Biosurvey and Biomanipulation

Culver Lake

Culver Lake BiosurveyCulver Lake, a 550-acre, 65-foot deep lake is located in Sussex County, NJ.  Through the 1960s and into the 1980s the lake’s water quality had declined, negatively affecting its recreational use. This occurred even though total phosphorus concentrations were low, usually < 0.04 mg/L and watershed development minimal.  Princeton Hydro’s data showed that the lake’s problems were largely the result of excessive numbers of the filter feeding fish, alewife.  These fish had been stocked by the State in the 1950s to support the lake’s trout fishery.  Princeton Hydro initiated a series of fishery surveys designed to investigate the merits of a biomanipulation restoration program to address and correct lake water quality impacts directly related to the historic introduction of alewife.  Biomanipulation is a “top down” restoration technique that improves water quality through management of fish and zooplankton as compared to a “bottom up” approach that manages nutrients and phytoplankton.

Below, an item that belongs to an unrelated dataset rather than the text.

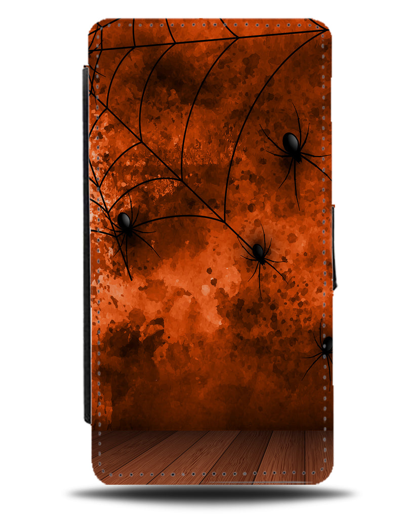 Grunge Orange Halloween Flip Wallet Phone Case Spiders Crawling On Background BL15

The sampling activities implemented by Princeton Hydro involved the collection of plankton data using a variety of towed nets and traps and the sampling of the fishery community using a variety of passive and active gear: trap nets, gill nets, mid-water trawls, and electro-fishing equipment.  The data were synthesized and analyzed using various fishery statistics.  The results were then used to design a fish and zooplankton stocking program for Culver Lake.

Under Princeton Hydro’s direction both brown trout and hybrid striped bass were stocked to recreate a “two-story” fishery capable of heavily feeding on the problematic alewife.  Data obtained through post-stocking fishery studies documented the successful reduction of the lake’s alewife population.  With the alewife under control, Princeton Hydro then began stocking the lake with zooplankton.  This involved the introduction, over a three-year period, of Daphnia and Ceriodaphnia, large zooplankton that are very adept at keeping phytoplankton densities in check.

Data collected since the completion of the biomanipulation projects show the lake’s water quality has dramatically improved, all without using copper-based algaecides to control algal blooms.  Secchi depth transparency increased from a summer mean of less than one meter to over three meters, algal blooms significantly diminished, and the lake’s zooplankton community shifted from small-bodied, omnivorous forms to large-bodied, herbivorous forms. This also resulted in improvements in the lake’s recreational fishery; the lake holds the State’s record for the largest hybrid stripe bass captured by a recreational angler.